For security skewers would you go for Pitlock or Pinhead & why?


----------



## mickle (26 Sep 2012)

Neither. I'd use regular Allen key style replacement skewers and secure the wheels with a D lock + cable. _Way_ cheaper, more versatile (particularly if you've more than one bike you wish to convert) and it's not the end of the world if you happen to forget/lose the key.


----------



## fossyant (26 Sep 2012)

Well if Mickle says not worth it !! 

I have in the past used the cheaper Trans-X model with the 5 sided allen key - but that was backed up with D-locks. Just kept the special key in my puncture kit.


----------



## GrasB (26 Sep 2012)

mickle said:


> Neither. I'd use regular Allen key style replacement skewers and secure the wheels with a D lock + cable.


And mickle fails the onion security exam 

Allen bolts aren't worth mentioning as a deterrent & a cable lock can be defeated by a cheap set of mini bolt croppers.


----------



## mickle (26 Sep 2012)

QR wheels? On a commuting bike?? :rollseyes:


----------



## GrasB (26 Sep 2012)

It's easier to get hold of properly secure removable fixings for QR wheels than nutted wheels


----------



## mickle (26 Sep 2012)

I'd hate it if I had to consider such measures for my bikes.


----------



## Davidc (26 Sep 2012)

My insurers (household ones as they covered the bikes) sent me allen bolt ones when they introduced an endorsement to not cover wheels or saddles with QR.
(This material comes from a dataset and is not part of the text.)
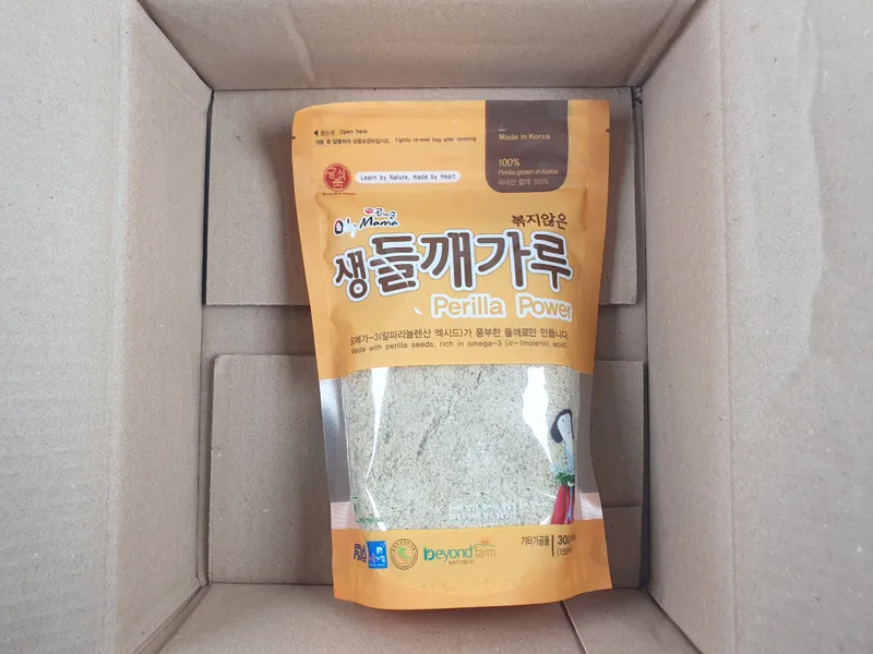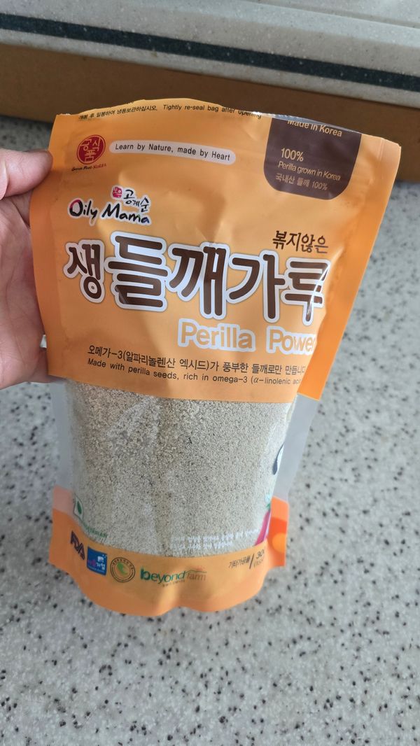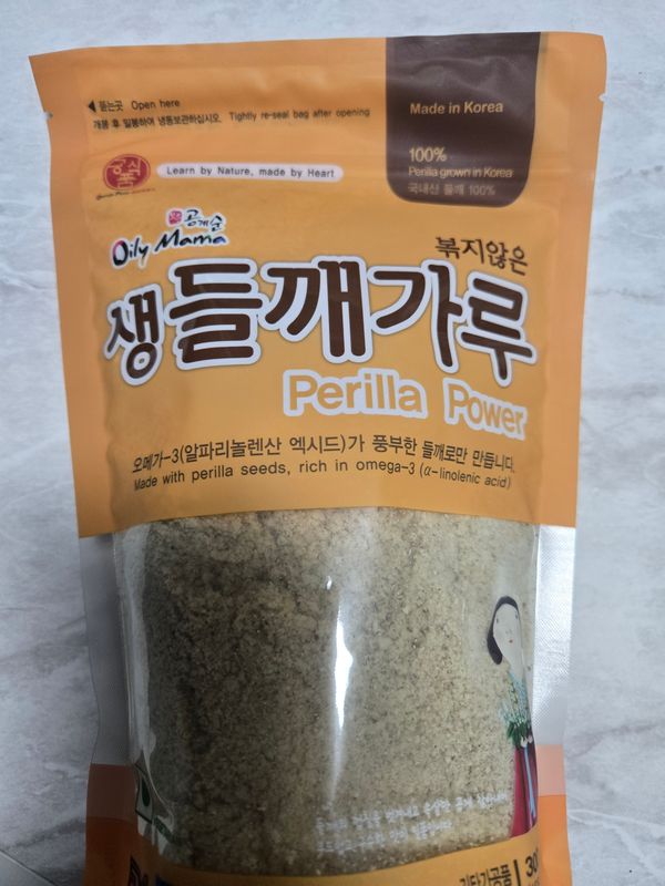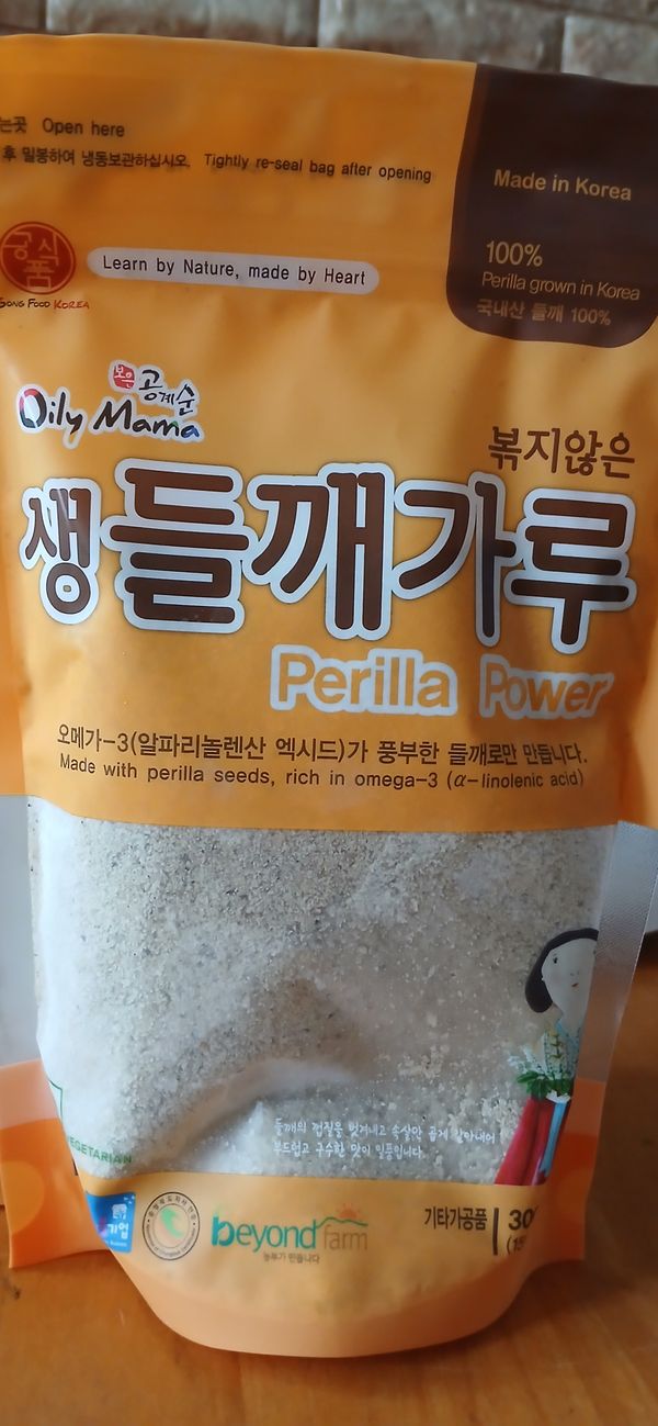 쌀가루 등을 일체 혼합하지 않았으며, 오직 들깨만을 사용해 깨끗하게 껍질을 벗기고 속알맹이만 곱게 갈아 만든 들깨 100%의 순수한 들깨가루 입니다.

No problem as I always have allen wrenches with me on a multi-tool.

Agree with Mickle about security, and since I've been using an alarm padlock instead of a dedicated alarm I lock the cable (securing the front wheel) to the D lock (securing the rest of the bike) with the alarm padlock which should sound if the cable is cut.

There's a limit to what you can do to secure a bike, and if you've been diligent the insurers should pay out.


----------



## GrasB (27 Sep 2012)

God another person who doesn't understand security. You don't make something impossible so steal, you just put enough problems in the thief's way that they decide to go for an easier target. What I want to do is make my bike the least attractive bike to steal where ever I lock it up. So yes I have 2 locks but I also want to make sure that of someone else has 2 locks that my bike is even less attractive that that. Standard nuts & Allen key skewers have 0 impact from a security front, a security skewer however does have an impact on things.

Insurance is the last thing on my mind if I'm on a different site & my bike is missing or unrideable.


----------



## buddha (27 Sep 2012)

Came across these skewers today at CRC, £10.79 a set. They also do MTB ones.


----------